28 •.° ɪ ᴘʀᴏᴍɪsᴇ

1.1K 122 120
                                    

1425 ᴋᴇʟɪᴍᴇ
___________________________________________

Niki'nin kareografiyi 3. kez tekrarlamasının ardından saate baktı ve yaklaşık 10 dakikadır Sunghoon ile yalnız olduğu pratik odasında onun yanına oturdu.

"Eee?"

"Eee ne?"

Sunghoon onu çektiği videoyu açarken Niki onun yanındaki şişeyi almış ve büyük bir yudum içtikten sonra geri bırakmıştı.

"Hadi hyung, gittiklerinden emin olmak istedin ve en az 10 dakikadır odadaki şarkı sesinden başka çıt çıkmıyor veya biri gelmiyor. Çoktan şirketten çıkmış olmaları lazım."

Büyük olan iç çektikten sonra telefonunu kapatıp yanına koydu ve omuz silkti.

"Konuşacak bir şey yok ki. Benim... Yalnızca kafam karışık biraz. Çok düşünüyorum bu yüzden biraz dalgınım."

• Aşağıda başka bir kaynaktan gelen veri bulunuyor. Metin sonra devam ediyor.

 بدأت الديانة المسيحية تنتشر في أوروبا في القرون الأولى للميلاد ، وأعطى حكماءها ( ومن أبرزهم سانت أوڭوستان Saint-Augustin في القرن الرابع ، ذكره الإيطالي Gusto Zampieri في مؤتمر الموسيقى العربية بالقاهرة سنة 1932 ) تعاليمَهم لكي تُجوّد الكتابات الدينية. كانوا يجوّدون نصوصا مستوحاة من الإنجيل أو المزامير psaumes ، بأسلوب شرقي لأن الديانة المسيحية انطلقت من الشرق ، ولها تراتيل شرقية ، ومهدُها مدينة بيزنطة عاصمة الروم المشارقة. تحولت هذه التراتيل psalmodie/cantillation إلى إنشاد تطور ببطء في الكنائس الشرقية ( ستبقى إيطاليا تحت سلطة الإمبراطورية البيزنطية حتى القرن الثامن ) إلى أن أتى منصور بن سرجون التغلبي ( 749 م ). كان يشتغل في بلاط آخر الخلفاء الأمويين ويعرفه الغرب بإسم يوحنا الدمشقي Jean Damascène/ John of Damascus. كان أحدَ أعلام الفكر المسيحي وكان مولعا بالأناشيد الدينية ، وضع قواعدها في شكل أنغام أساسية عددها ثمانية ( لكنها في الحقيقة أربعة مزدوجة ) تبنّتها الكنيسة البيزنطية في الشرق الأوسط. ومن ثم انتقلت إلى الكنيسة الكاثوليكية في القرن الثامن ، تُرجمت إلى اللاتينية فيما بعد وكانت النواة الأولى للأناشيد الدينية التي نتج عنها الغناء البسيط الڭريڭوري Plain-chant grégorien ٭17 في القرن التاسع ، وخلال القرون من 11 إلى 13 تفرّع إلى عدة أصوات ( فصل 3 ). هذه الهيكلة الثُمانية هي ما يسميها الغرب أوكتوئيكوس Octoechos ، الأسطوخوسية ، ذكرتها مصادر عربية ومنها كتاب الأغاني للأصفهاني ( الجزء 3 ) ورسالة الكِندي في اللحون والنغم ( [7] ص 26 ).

"Ama neyi bu kadar düşünüyorsun?"

Sunghoon sessizce zemini incelerken Niki onunla konuşmak için neler yapabileceğini düşünüyordu. Söylememesinin bir nedeni illa ki vardı ama bu ne olabilirdi? Niki'ye güvenmiyor muydu? Belki de başkasına anlatabileceğinden korkuyordu. Ya da düşündüğü şey onun için utanç verici bir şeydi ve anlatmaya çekiniyordu. Alacağı tepkiden korkuyor olabilir miydi? Peki bunu nasıl aşabilirdi? Hyungunun daha iyi hissetmesini sağlamak için ne yapabilirdi?

"Hyung... Söz veriyorum, kimseyle konuşmayacağım."

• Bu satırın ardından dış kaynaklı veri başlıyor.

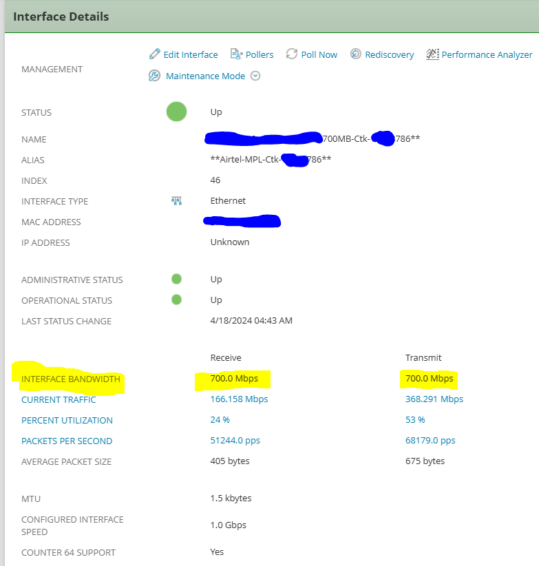 One Interface Details as shown below and the speed is configure 700Mbps. Platform version is 2024.2.0 and have NTA & NPM.

Gözleri kesiştiğinde Niki son derece ciddi gözüküyordu.

"İstemediğin sürece en ufak ipucu bile vermeyeceğim diğerlerine. Sadece anlat işte. Belki yardımcı olamam ama daha iyi hissedebilirsin. Bunu daha önce biriyle konuştun mu?"

Sorusunun cevabı kafasını iki yana sallayan Sunghoon olduğunda elini kalbinin üzerine koymuş ve gülümsemişti.

"Maknae sözü."

Sunghoon da gülümsediğinde Niki gülümsemeyi bırakıp tekrar ciddileşti.

"Ama sen de bana bir söz vereceksin."

"Ne sözü?"

"Dürüst olacağına dair bir söz."

Biraz düşündükten sonra kafa salladığında Niki serçe parmağını ona uzatmıştı.

"O zaman hadi serçe parmak sözü."

Sunghoon gülüp serçe parmağını onunkine doladıktan sonra söz vermişler ve ellerini geri çekmişlerdi.

"Yani... Evet şimdi dürüst olacağıma dair bir söz verdim ama sonuçta her şeyi anlatacağım demedim."

"Yah!"

İkisi güldüğünde Niki kafa salladı.

"Pekala, nasıl istersen. Şimdi... Başlamak ister misin?"

Sunghoon ilk defa doğru düzgün de olmasa anlatacağı hissi ile gerilirken dudaklarını ıslatmış ve zor da olsa söze başlamıştı.

"Dediğim gibi... Çok fazla düşünüyorum ve bir karara varamıyorum. İki seçenek arasındayım, bir karar vermeliyim. Ama o kadar zor ki... O kadar önemli ki cidden... Yanlış kararı vermekten korkuyorum. Ayrı ayrı baktığımda ikisi de doğru bir karar gibi geliyor. Ama birini göz önünde bulundurarak diğerini seçtiğim zaman... Her şey mahvolacakmış gibi."

Sesi gittikçe kısılırken Niki şaşkınlıkla onu dinliyordu.

"Birini seçmen diğerini etkileyecek mi?"